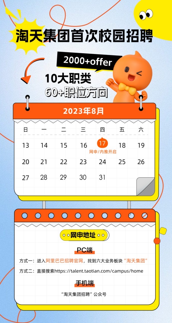 8月17日,淘天集團(tuán)秋季2024屆校園招聘正式啟動,預(yù)計將發(fā)放2000多個offer。這是淘天集團(tuán)成立以來第一次啟動校招。
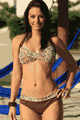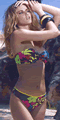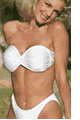 ビーズ付きのクロスストリングがお洒落なデザインビキニ。トップはバンドゥスタイルで、ネックはダブルのストリングを結んで留めるデザイン。両サイドに縦のワイヤー入りで、取り外しのできるパッド入り。バックはゴールドの花形フック付き。ボトムはフロントがVカット…
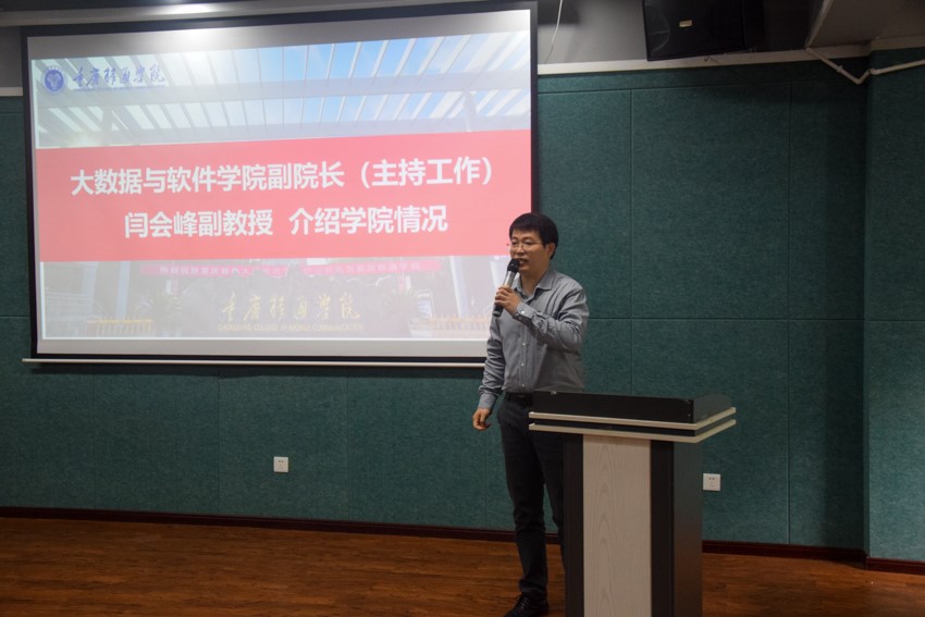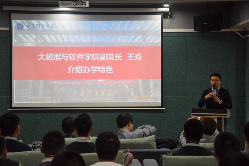 桃李不言,下自成蹊,闫会峰副教授向龙门浩中学师生倾情介绍了我院从无到有,以点滴汇聚江河的辉煌岁月。闫会峰副教授讲解到我院建立于2000年5月,至今已发展到有计算机科学与技术、软件工程、网络工程、数字媒体技术、数据科学与大数据技术共计5个本科专业。漫漫十余哉,我院发展迅速,似潜龙腾渊,鳞爪飞扬,我院网络工程专业2013年入选重庆市“三特行动计划”特色专业建设项目;软件工程专业2014年入选校级特色专业,2021年更是成为了全重庆市唯一通过德国ASIIN工程教育认证的本科专业,获得了重庆市其他高校以及重庆市教委的认可与赞扬。闫会峰副教授谈到为了进一步拓宽我院发展空间,也为迎合我国“2035规划”,我院数据科学与大数据专业也将列入重点发展专业,为我院学子创造出更优良的学习环境,帮助我院学子在未来的人生规划中增添一份助力。
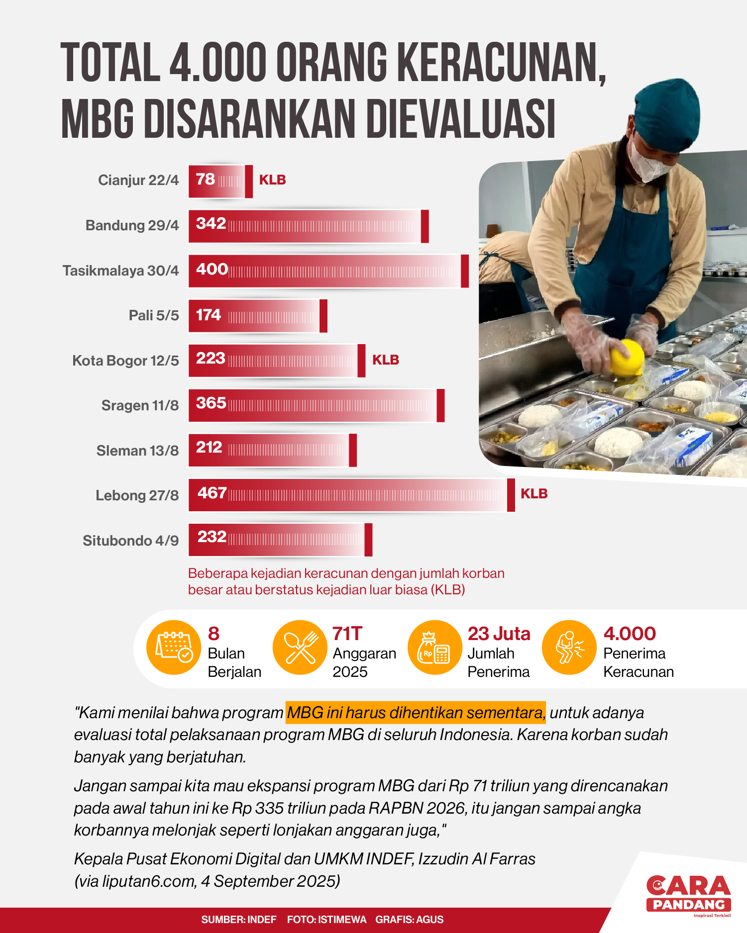 Beranda Infografis 4.000 Orang Keracunan MBG Infografis 4.000 Orang Keracunan MBG Penulis Amira Izzati - 19 September 2025 11:20 0 4.000 Orang Keracunan MBG Tags Berita Sebelumnya Starmer dan Trump Sepakat Dorong Perdamaian di Jalur Gaza Berita Berikutnya Hasil Sidang MKD DPR RI LEAVE A REPLY Cancel reply Comment: Please enter your comment! Name:* Please enter your name here Email:* You have entered an incorrect email address! Please enter your email address here Website: Save my name, email, and website in this browser for the next time I comment. Berita Teratas Cara Tidur Ala Rasulullah, Bagus untuk Kesehatan! Piala Dunia U-17, Nova Arianto Berharap Qatar Kembali Bersahabat Kiat Mempertahankan Nutrisi Makanan Saat Memasak Menggunakan Microwave Hadapi Liverpool di UCL, Xabi Alonso Sebut Laga Besar dan Klasik Pabrik Mobil Terbang Pertama di Dunia Mulai Uji Coba Produksi di China Selatan Berita Terkait Berita Terkait Hasil Sidang MKD DPR RI Maliq - 06 November 2025 11:34 Biaya Haji 2026 Turun Maliq - 06 November 2025 11:32 Indonesia Para Badminton, Tradisi Juara Umum Berlanjut Maliq - 05 November 2025 09:37 Jadwal Indonesia di Piala Dunia U17 2025 Maliq - 29 Oktober 2025 13:24
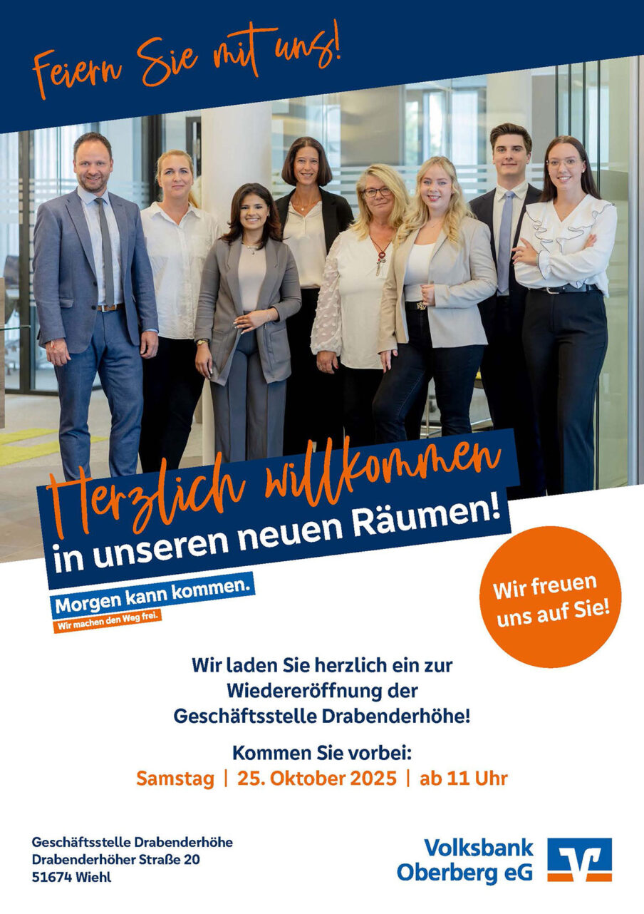 Nach Abschluss der Renovierung öffnet die Volksbank Oberberg ihre Geschäftsstelle in Drabenderhöhe wieder für Kundinnen und Kunden. Zur feierlichen Wiedereröffnung lädt die Bank am Samstag, dem 25. Oktober 2025, ab 11:00 Uhr, in die Geschäftsstelle ein.
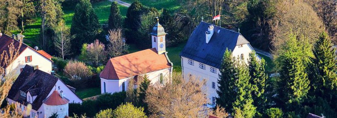Neben dem Schloss steht auch die kleine Kirche St. Philippus und St. Jakobus (hier in der Mitte), über die der jeweilige Schlossbesitzer seit 1576 auch Patronatsherr war. Weil die Kapelle außerhalb der Mauern steht, haben die Schlossbewohner Zugang durch ein kleines Türchen in der Nähe des Kapelleneingangs, das mit einer Metalltüre gesichert ist. Links am Bildrand das ehemalige Schulhaus von Artelshofen. (Drohnenbild) über dem Eingang der Kapelle das Wappen der Tetzel Die Schlosskapelle
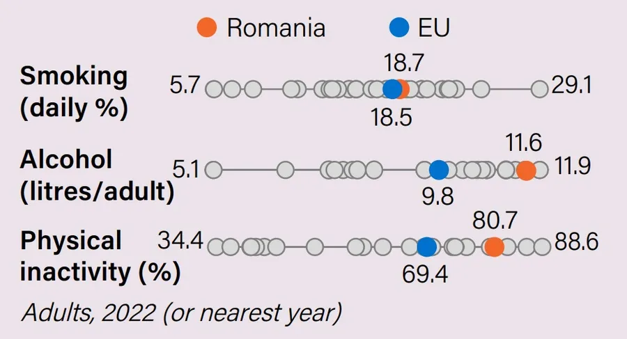 Conform unui raport făcut public de Comisia Europeană, speranța de viață din România rămâne printre cele mai scăzute din Uniunea Europeană. Consumul de alcool rămâne cel mai ridicat din UE, iar majoritatea adulților nu fac suficient sport. În timp ce rata de fumat este mai apropiată de media UE, utilizarea țigărilor electronice în rândul tinerilor este în creștere. Potrivit raportului, 30% dintre decesele din 2021 au fost cauzate de alimentație deficitară, fumat, consum de alcool și lipsa activității fizice. Alte 6% dintre decese au fost asociate cu poluarea aerului.
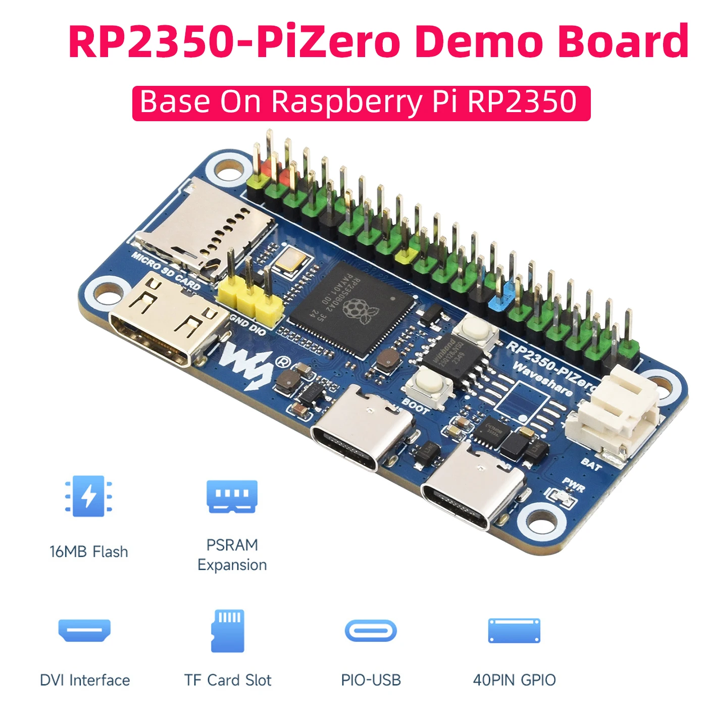 Comprar Placa de desarrollo Waveshare RP2350-PiZero Base en microcontrolador Raspberry Pi Pico 2 RP2350 520KB SRAM 16MB Flash DVI PIO-USB
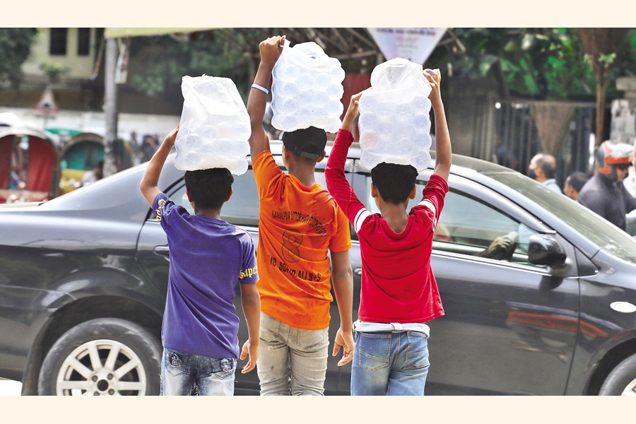 These kids are supposed to be at school. Instead, they are selling water bottles to support their family financially. The photo was taken in Dhaka's Shahbagh area marking the World Against Child Labour Day-2023 to be observed today (12 June) — FE photo by Shafiqul Alam
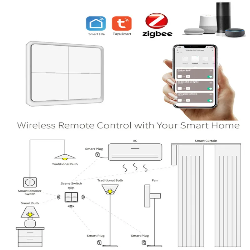 Tuya Zigbee 4 Gang Беспроводной 12-сцена кнопка включения Батарея контроллер с приводом от автоматический переключатель работы с Alexa Google Home

● ● ● ●

# [Prompt]
From the records above, extract the lines from the one holding "Neben dem Schloss" through the one holding "These kids are", word for word; omit the pictures.

# [Worked solution]
Neben dem Schloss steht auch die kleine Kirche St. Philippus und St. Jakobus (hier in der Mitte), über die der jeweilige Schlossbesitzer seit 1576 auch Patronatsherr war. Weil die Kapelle außerhalb der Mauern steht, haben die Schlossbewohner Zugang durch ein kleines Türchen in der Nähe des Kapelleneingangs, das mit einer Metalltüre gesichert ist. Links am Bildrand das ehemalige Schulhaus von Artelshofen. (Drohnenbild) über dem Eingang der Kapelle das Wappen der Tetzel Die Schlosskapelle
 Conform unui raport făcut public de Comisia Europeană, speranța de viață din România rămâne printre cele mai scăzute din Uniunea Europeană. Consumul de alcool rămâne cel mai ridicat din UE, iar majoritatea adulților nu fac suficient sport. În timp ce rata de fumat este mai apropiată de media UE, utilizarea țigărilor electronice în rândul tinerilor este în creștere. Potrivit raportului, 30% dintre decesele din 2021 au fost cauzate de alimentație deficitară, fumat, consum de alcool și lipsa activității fizice. Alte 6% dintre decese au fost asociate cu poluarea aerului.
 Comprar Placa de desarrollo Waveshare RP2350-PiZero Base en microcontrolador Raspberry Pi Pico 2 RP2350 520KB SRAM 16MB Flash DVI PIO-USB
 These kids are supposed to be at school. Instead, they are selling water bottles to support their family financially. The photo was taken in Dhaka's Shahbagh area marking the World Against Child Labour Day-2023 to be observed today (12 June) — FE photo by Shafiqul Alam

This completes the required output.